As overwhelmingly glad as he was that she wasn't dead, he still couldn't quite overlook the way that she'd bailed on Boba like that. True it was completely in character for Aurra, who he well knew could never be trusted to take care of anybody apart from Aurra; but Boba was just a boy, and a young boy at that, and it hadn't been right or honourable of her to abandon him after dragging him so far down her own dark and twisted path.

"I can get him back." Her tones were dismissive.

"They'll take him to the penitentiary on Coruscant," he warned, fully aware that this wouldn't make any difference whatsoever to her plans for the future, but somehow compelled to do so anyway.

With her good hand, she grabbed the flask from him and drained the contents, before handing it back. "As I say, I can get him back. He wouldn't be the first prisoner I've helped to spring from there."

Hondo knew that she'd been part of Cad Bane's team in that whole Ziro the Hutt affair. However, he doubted Bane would be interested in any ploy to spring Fett the Younger. Jango and Bane had never been able to tolerate each other's company, even when it would have been mutually beneficial.

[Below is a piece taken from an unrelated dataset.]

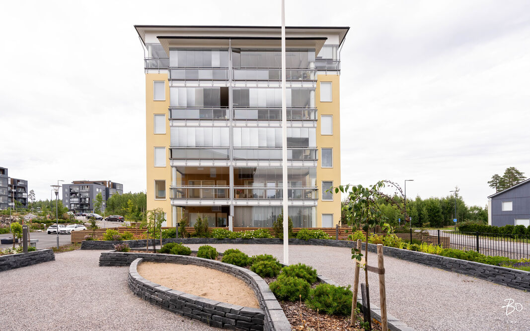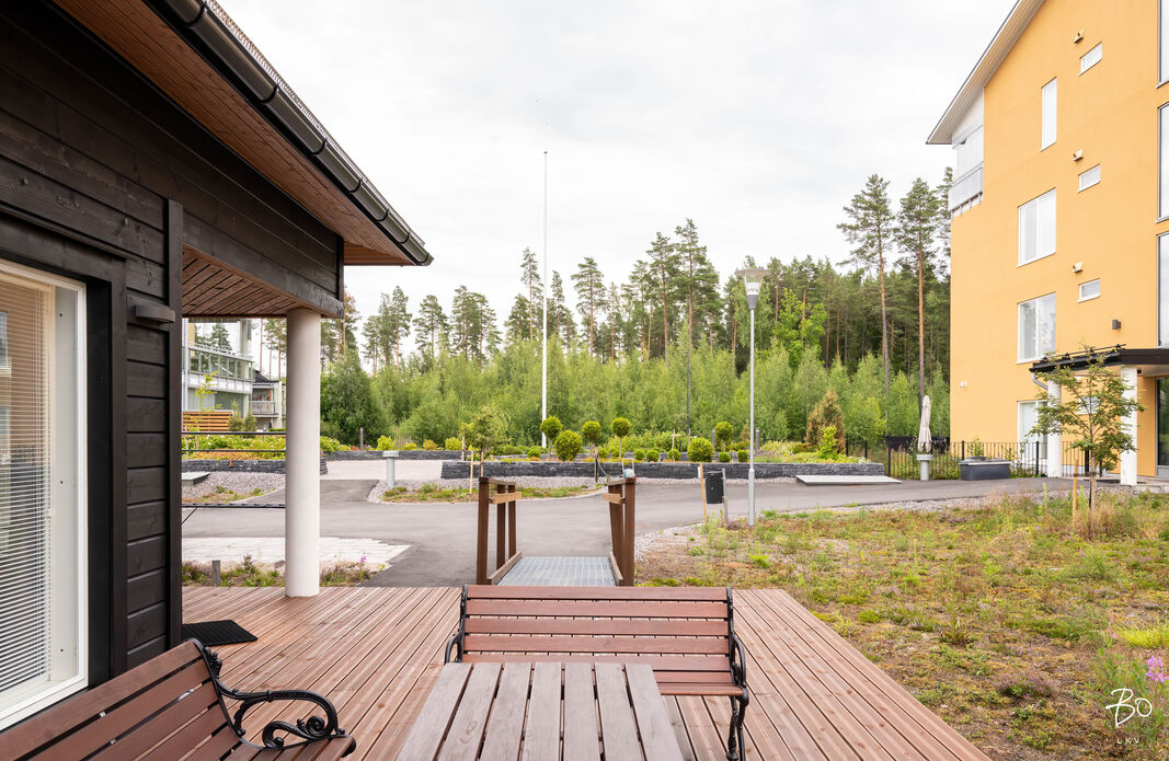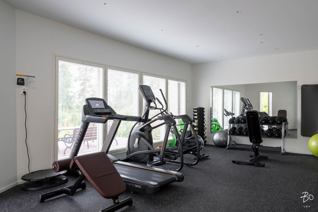Asumismukavuutta yhtiössä tuovat oma kuntosali saunoineen, autonpesupaikka parkkihallissa sekä koirien ja kurasaappaiden pesupaikka.

No point debating the matter here and now though; or indeed, at any point on the future. Aurra would, as always, do whatever Aurra wanted to do; and the only sane course of action would be to get out of the way until the dust had settled. Hondo, despite being happily embroiled in a life of piracy, tried to take reasonably sane courses of action these days, he really did. And, as much as he might want his late friend's son to be released from the Coruscant Hellhole, he knew that breaking into a maximum security prison in the heart of the Republic's capital in an attempt to free him wasn't anything any sentient being with an ounce of sense would try.

"You don't think I can do it, do you?" she said, sounding at once more woozy than indignant. He wasn't sure if it was the bust leg, the broken arm, the second degree burns, the exhaustion, the half-flask of hard liquor she'd just downed or some combination thereof, but he suspected that it would be wise to get her back to base before she completely lost all lucidity.

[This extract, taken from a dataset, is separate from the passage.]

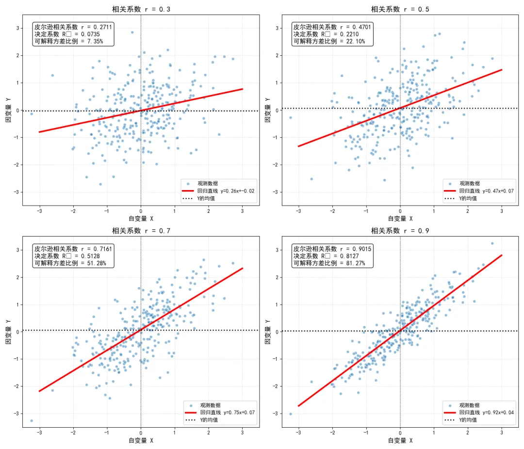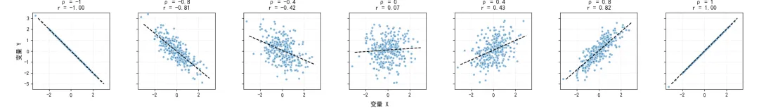 我们通过代码可视化不同相关系数下的散点分布,直观展示相关系数从到的变化过程,以及完全线性相关的边界情况。

"I think that you need medical attention," he replied, trying to coax her in the direction of the speeder bike.

For a few seconds it seemed as though she would try to resist, opting instead to stare out at the crippled form of Slave 1. Then, suddenly relenting, she made a noise that was half-way between a grunt and a sigh, let her head slump onto his shoulder and allowed herself to be led away from the wreck. "D'you think it's salvageable?"

"The ship?"

She made a noise of assent.

"Probably. The cockpit and anterior weapons systems will have to be completely replaced, but I think that it can be repaired."

"Mmm good." She gave a groggy half-smile and kissed his neck.

He thought it perhaps best not to mention that, when Slave 1 had been suitably refitted, he had absolutely no intention of giving it back to her. Pleased as he was that she'd survived, he wasn't about to let her leave Florrum without extracting some kind of recompense for the phenomenal amount of damage she'd managed to cause. However, once done up, that classic Firespray of Jango's would, he thought, just about cover it.